Next we sought to determine whether genes with extreme within-population variability are specifically involved in any maladaptive processes. Since we are now studying the global trend of expression variability of human genes, we sought to exclude the genes that have population-specific expression variabilities. We excluded 1,106 of such genes from the total list of 18, 081 genes by either regressing ηCEU with ηYRI or regressing ηYRI with ηCEU (the union set, compared with the outliers as intersection set described above). In the end we retained a total of 16,975 mRNAs that showed similar variability in CEU and YRI. Since these transcripts have highly correlated within-population variability between these two populations, we focused the following analysis only on CEU population, unless otherwise mentioned.

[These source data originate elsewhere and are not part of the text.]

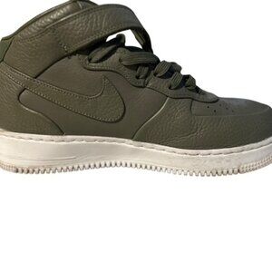 Men's Nike Air Jordan 23 AF-1 sneakers in size 9.5 feature the best of both worlds with a lace-up closure and adjustable strap for a comfortable fit. This style includes a mid-top shoe shaft with faux leather upper material and a fabric lining. The green colorway and solid pattern make it suitable for various occasions including activewear, casual wear, and workwear. With its athletic design and Nike Air Jordan product line, this shoe combines style and performance for a versatile option for any season. Excellent Condition.
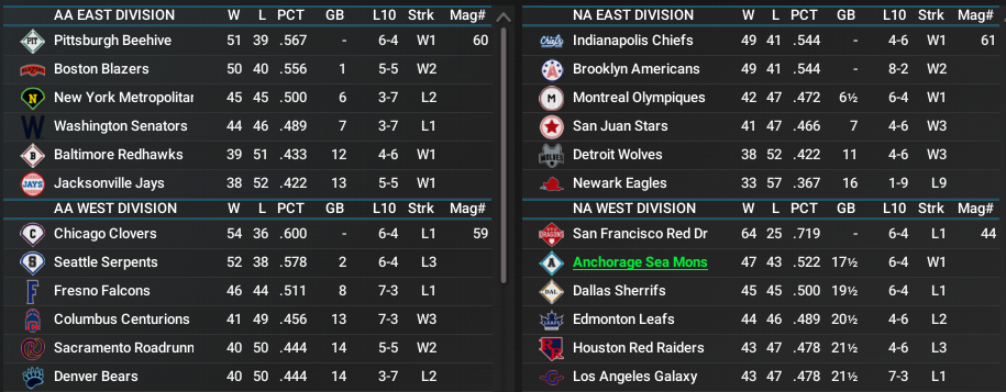 Currently, at the point of the draft, we are 47-43. That's good enough for 4th in the NA West out of 6 teams.
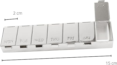EDZARD pilulier 7 jours, longueur 15 cm, argentée et résistante à la ternissure
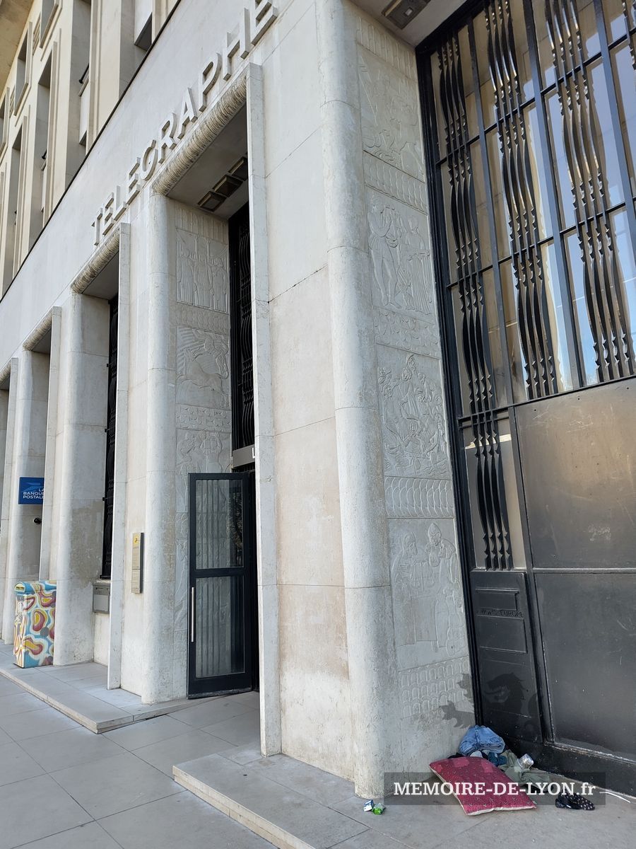 Édifié entre 1935 et 1938 par l’architecte Michel Roux-Spitz à l’emplacement de l’ancien hôpital de la Charité, détruit quelques années plus tôt, l’Hôtel des Postes marque l’entrée de Lyon dans la modernité architecturale. Sa longue façade monumentale abrite l’ancienne grande poste centrale de la ville. À l’intérieur, une peinture murale de 250 m² réalisée par Louis Bouquet célèbre le rayonnement mondial de Lyon par les échanges et les ondes.
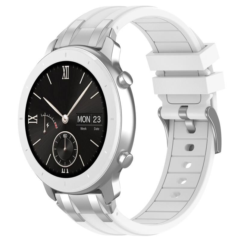 For Amazfit Pop 20mm Quick Release Silver Buckle Royal Silicone Watch Band(White)
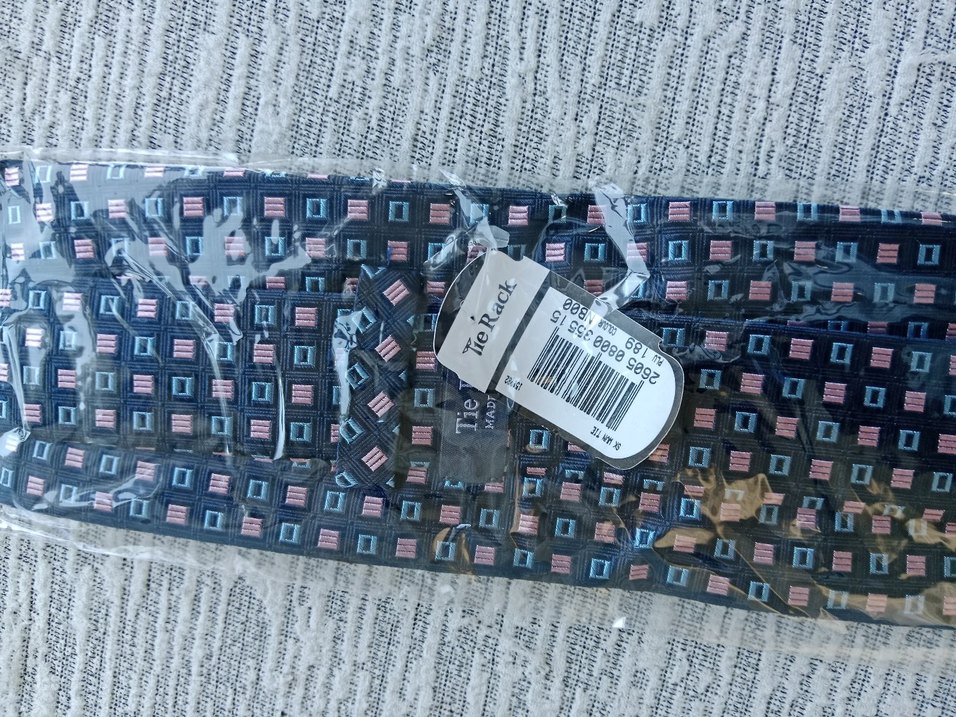 Gri ve pembe tonlarında geometrik kare desenli mavi erkek kravat, Tie Rack etiketli ve plastik ambalajda. 2013 yılında fes edilmiş bir firma olduğu için koleksiyonluk bir parçadır.
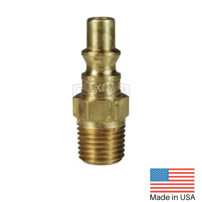 Dixon® ARO Pneumatic Interchange Plug, M Series, Connection Type 1: Quick Disconnect, Connection Size 1: 1/4 in, Connection Type 2: NPTF, Gender 2: Male, Connection Size 2: 1/4 in, Thread Size 2: 1/4-18, Hex Size: 9/16 in, Brass, Dimensions: 0.65 in OD x 1.6 in L, -40 to 250 deg F
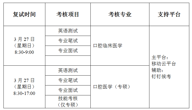 口腔医学院2022年硕招复试时间安排表
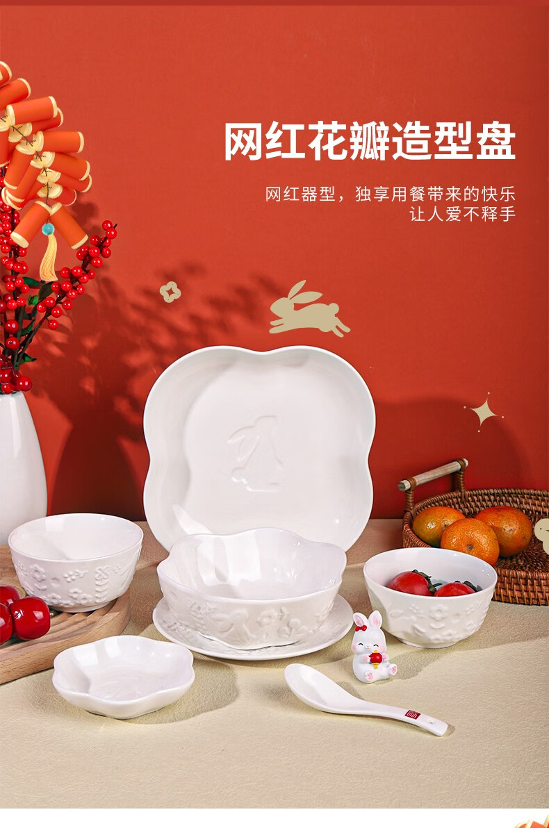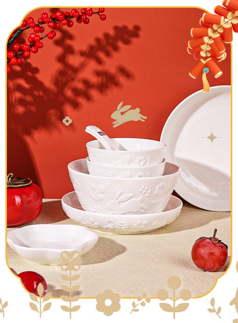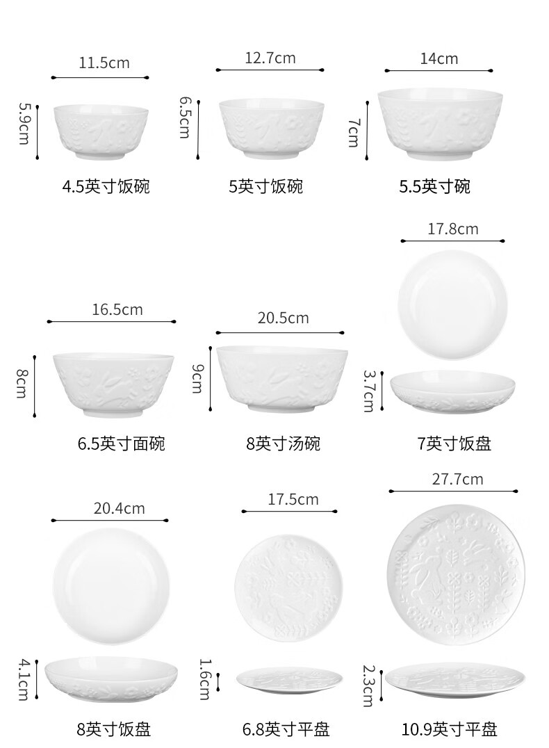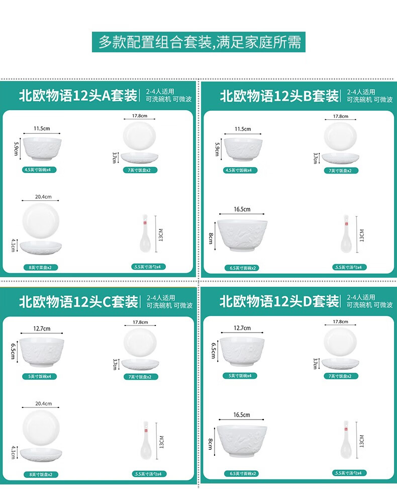 顺祥陶瓷北欧物语18头套装餐具礼盒装 白色

The 16,975 mRNAs with homogeneous variability in the two populations were ranked according to their expression variability η from the lowest to the highest. By controlling the confidence level at 5%, we selected the top 2.5% and bottom 2.5% as the most and the least variable genes for further comparison respectively (424 out of 16, 975 genes for each group, see Table S3 for complete lists of genes). We performed an enrichment test by setting all 16, 975 transcripts in our study as background, then applied subsequent false discover rate (FDR) correction on each functional category using classifications in the DAVID biological database . Functional enrichment analysis specifically included (1) Gene Ontology (GO) classifications (biological process, cellular component and molecular function at all levels), (2) KEGG pathways, (3) interaction with HIV-1 (human immunodeficiency virus 1) (from NCBI HIV-1, Human Interaction Database ), and (4) human disease annotations (from NIH Genetic Association Database  and OMIM).
As shown in Table 1, genes with the lowest expression variability are significantly enriched for fundamental biological processes such as translation and ribosome constituents (FDR=0.02). The ribosomal genes are known to be dosage-sensitive ; this observation strongly suggests that expression variability within human populations indeed reflects intrinsic dosage-sensitivity of human genes. In sharp contrast with the least variable genes, genes with the greatest variability are enriched for behavior (FDR=0.08), taxis (FDR=0.02) and response to external stimulus (FDR≤0.05). While genes with the least expression variability are not associated with any human diseases reported from case-control studies deposited in GAD (NIH Genetic Association Database ), interestingly, genes with the highest expression variability are associated with seven human diseases (Table 1), mostly related to disease classes including ageing (FDR=0.007) and neurological disorders (FDR=0.036). Examination using disease associations documented in OMIM (Online Mendelian Inheritance in Man) did not find significant associations, however this might be due to the lower coverage of OMIM as compared to GAD, and the more stringent criteria used by OMIM in reporting disease associations. As GAD is primarily designed for collecting disease-associated genes bearing unevenly distributed biomarkers (e.g. SNPs), our observed disease association might be attributed to expression manifestation of these documented sequence polymorphisms.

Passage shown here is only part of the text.